▶ Task statement
Starting with the line that includes "まず目につくのは、湖の上に浮かぶように配置された木造の本堂です。", write out every remaining line of the records below exactly as it appears, leaving out any images.

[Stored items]
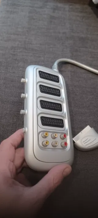 Adaptador de Euroconector para conectar varios dispositivos a tu televisión. Permite seleccionar la entrada deseada. - Cuatro entradas SCART (Euroconector). - Una salida SCART (Euroconector). - Conexiones RCA para audio y vídeo. - Diseño compacto y plateado.
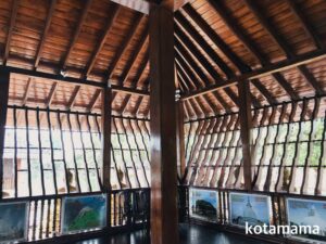 まず目につくのは、湖の上に浮かぶように配置された木造の本堂です。
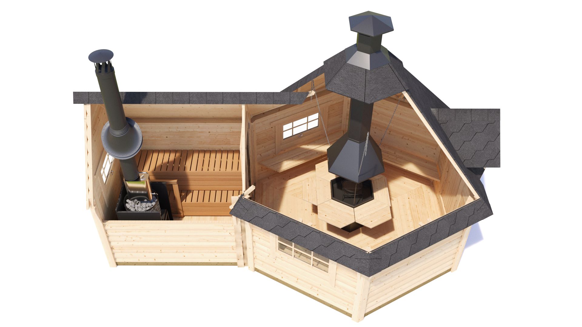 Komplet lesenih hišic za žar debeline 44 mm vsebuje:
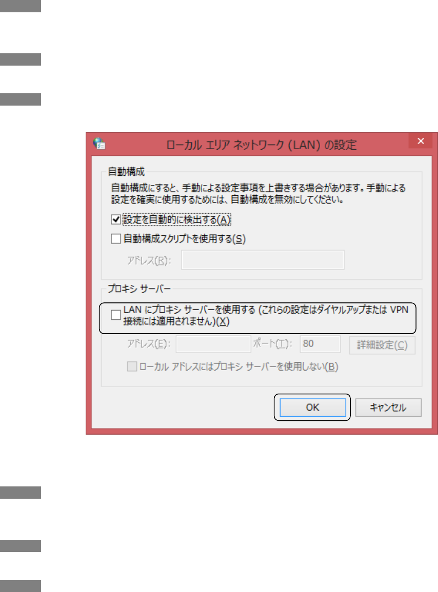 Click the [OK] button to return to "Local Area Network (LAN) Settings".
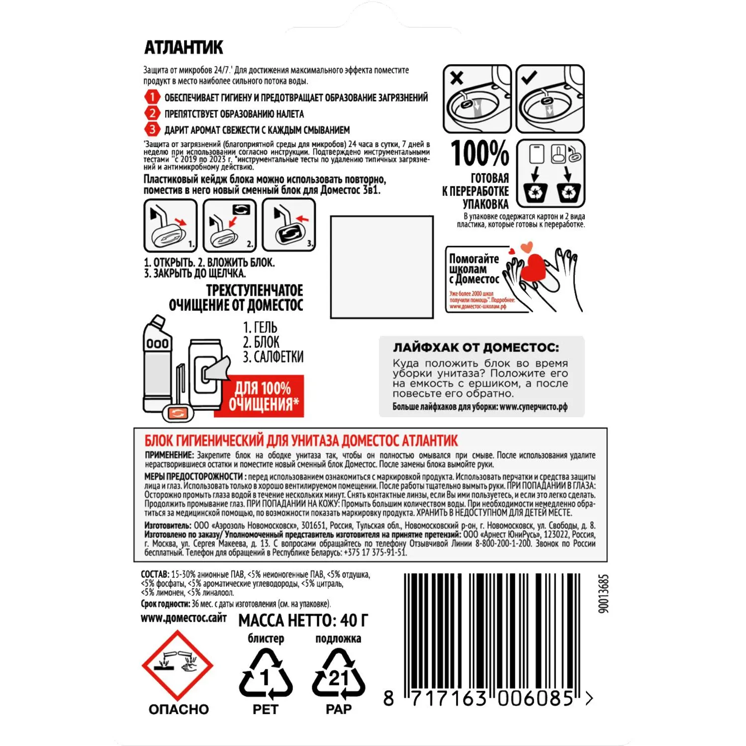 О товаре «Блок для унитаза гигиенический Domestos Атлантик 3в1»

▶ Solution to the problem
 まず目につくのは、湖の上に浮かぶように配置された木造の本堂です。
 Komplet lesenih hišic za žar debeline 44 mm vsebuje:
 Click the [OK] button to return to "Local Area Network (LAN) Settings".
 О товаре «Блок для унитаза гигиенический Domestos Атлантик 3в1»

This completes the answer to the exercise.